8. What happens if I change my job?
If you decide to change your job, it’s important to inform your insurance provider as soon as possible. This is because your premiums may be affected by the nature of your new occupation. Different jobs carry varying levels of risk, which can influence the cost of your insurance coverage. Keeping your insurer updated ensures that your policy remains accurate and that you are adequately covered.
9. Can I cancel my income protection insurance policy?
Yes, you can cancel your income protection insurance policy at any time. However, you may not get a refund of any premiums you’ve paid.
10. Where can I get more information about income protection insurance?

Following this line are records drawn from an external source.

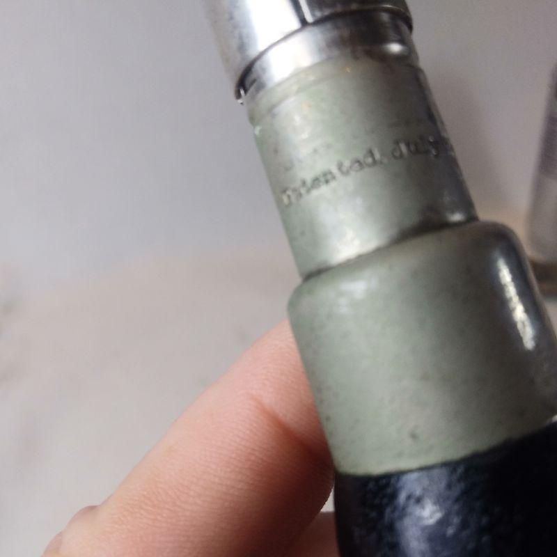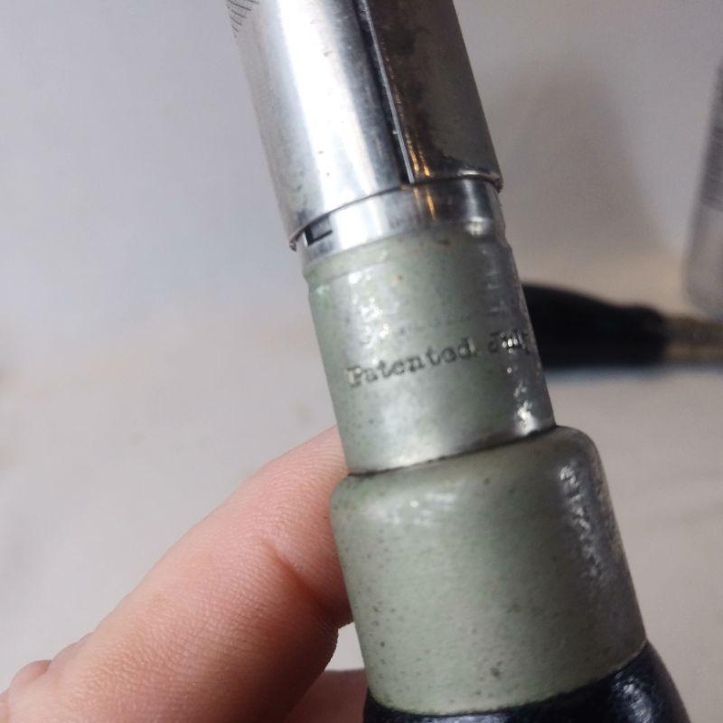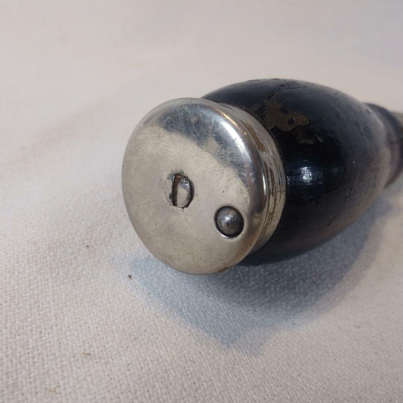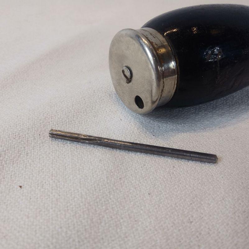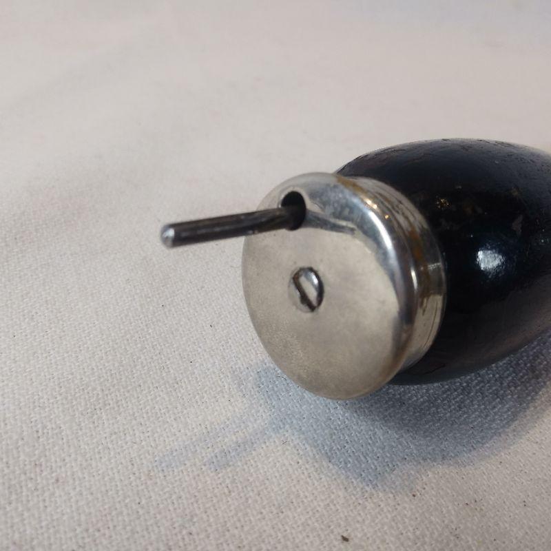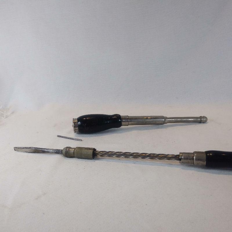 This offering is for two black wooden-handle ratchet tools. The ratchet with the screw driver is marked Miller Falls Co - Greenfield, Mass. Patented July 22, 1890 - Nov 17. 1891. The other is not marked but believed to be same maker. It has a metal screw on top to hold bits (has one). The handle is missing a screw or nail to sit properly on shaft - easily replaced. The ratchet mechanism works good on both of them.
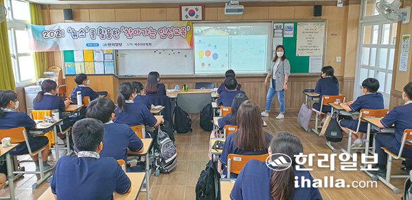 한라일보는 13일 성산중학교 1학년 학생을 대상으로 '2021 뉴스를 활용한 찾아가는 인성교육'을 실시했다. 이날 제주NIE학회 강은숙·정재은·손은영 강사는 각각 혐오 표현 없는 함께하는 사회, 가치덕목, 책임을 주제로 수업을 진행했다.
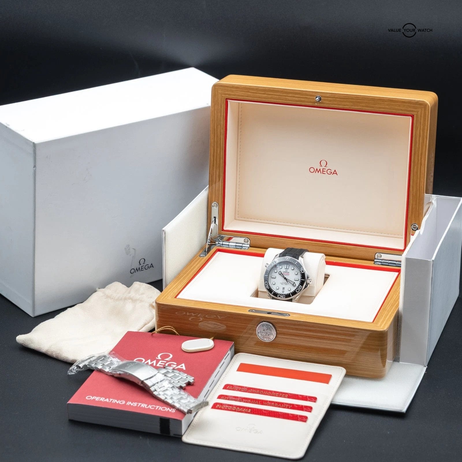Absolutely stunning modern diver in the white dial and comes with both the bracelet and the factory strap and clasp…everything you need and so much value! The new Omega Master Chronometer movement is incredibly mechanically accurate, as well as being a work of art that you can enjoy through the open case-back. Whether at home in the pool, casual, or at work, it covers all your wearing needs.
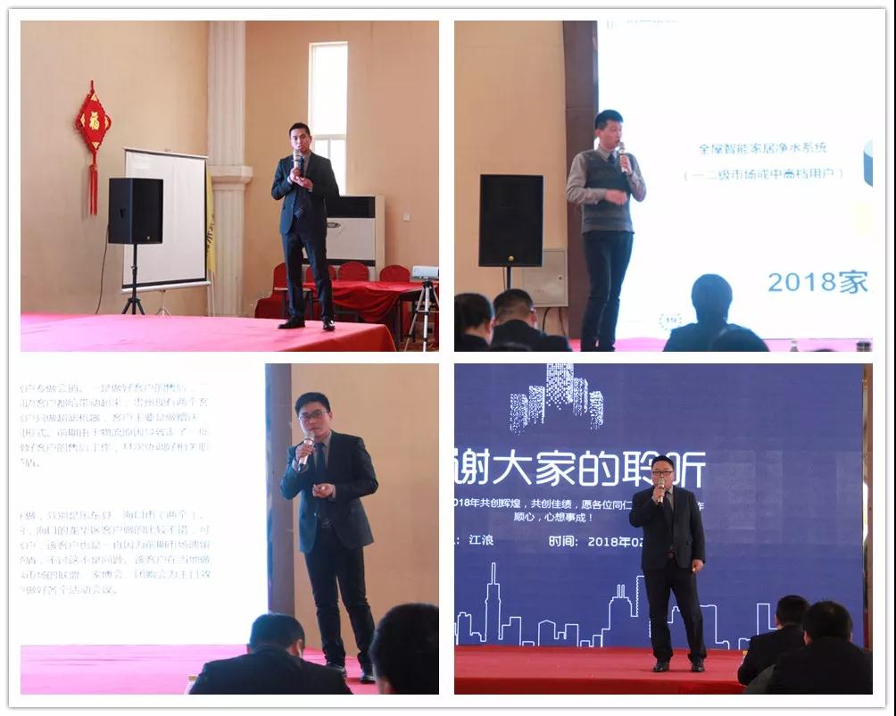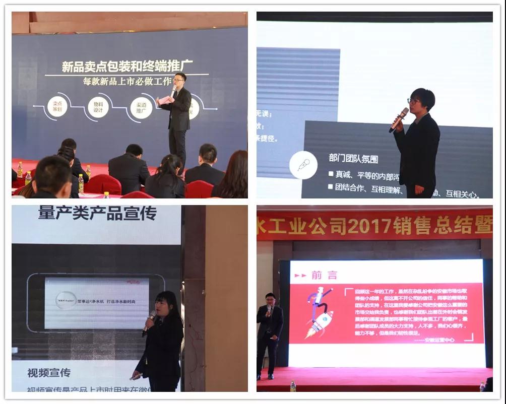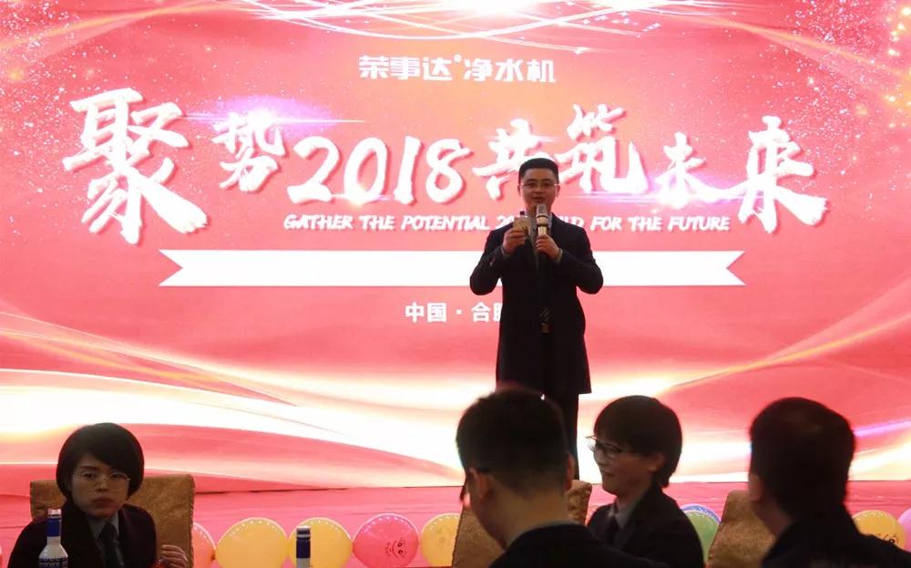 荣事达水工业公司总经理王悦生作大会开场致辞。王总回顾了公司在2017年取得的傲人成果与辉煌业绩,提出2018年战略发展规划和目标,并要求围绕新目标,开好局,起好步,以实际行动落实新规划,谋求新发展,创造新辉煌。
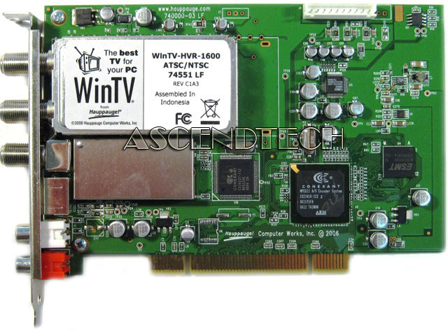 Hauppauge WinTV-HVR-1600 74551 LF HP 5188-7111 ATSC NTSC TV tuner card. The WinTV-HVR-1600 brings over-the-air high definition ATSC digital TV and analog cable TV to your PC. Watch and record TV in a window or full screen using high quality MPEG-2. It uses a hardware MPEG-2 encoder, so you don't slow down your PC while recording. With MPEG data rates from 2 to 8Mbits/sec, you decide how much hard disk space your videos will consume (the lower the data rates, the less disk space your videos will consume, but with lower video quality).
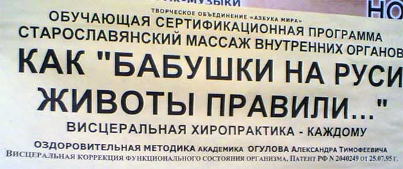 Taxman рекомендует всем, кто не знает, как делается массаж внутренних органов, обратиться к академику Огулову - уж он-то вам зависцералит такую хиропрактику, что дай бог каждому.
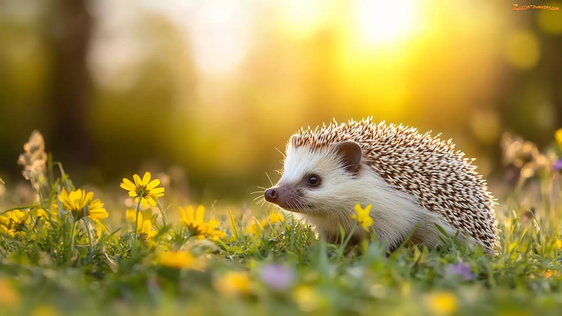 Zdjęcie: Jeż, Łąka, Kwiaty, Trawa
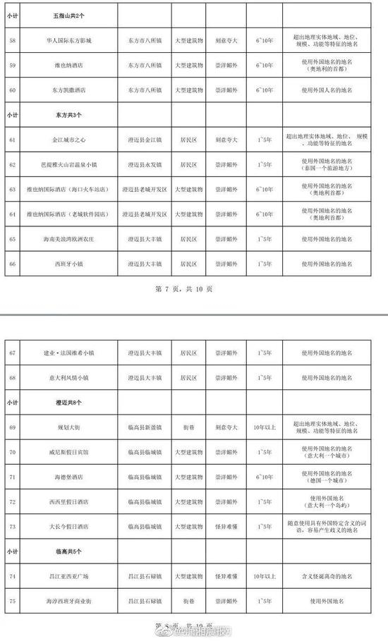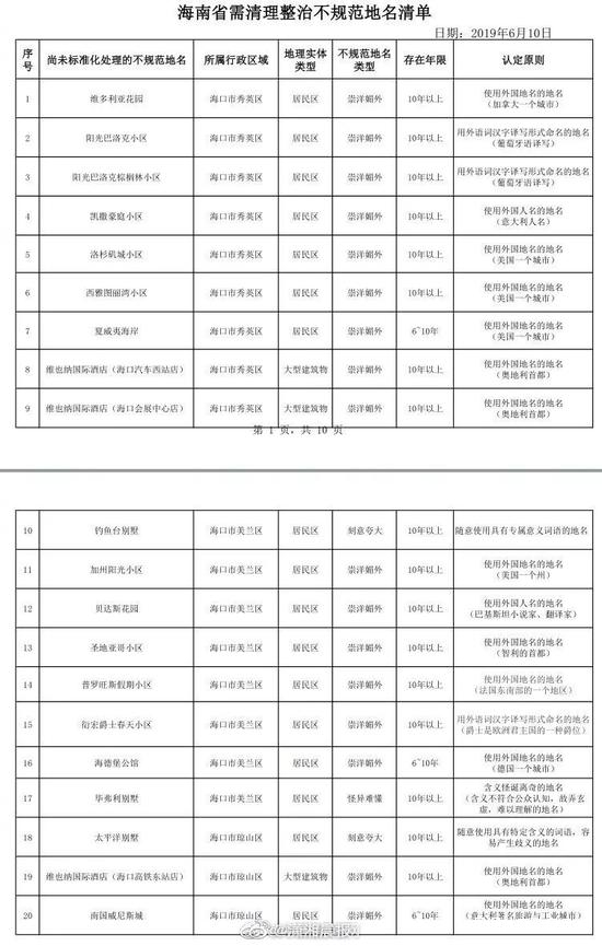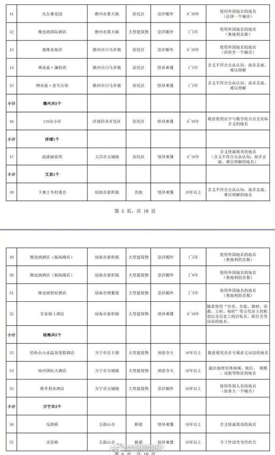 這也是繼廣州、西安等地後,又一地方發佈“整治不規範地名清單”,其中海南15個維也納酒店門店名稱因位列其中而引發異議。

To obtain comprehensive information about income protection insurance, consider reaching out to various sources such as insurance companies, professional brokers, or qualified financial advisors. These experts can provide valuable insights into policy options, coverage details, and how income protection insurance can safeguard your financial well-being in case of unexpected events that may affect your ability to work.

Important Note: It’s always best to speak with a financial advisor who can assess your specific needs and help you find the right income protection policy. They can also explain the different types of policies, the exclusions, and the terms and conditions in detail.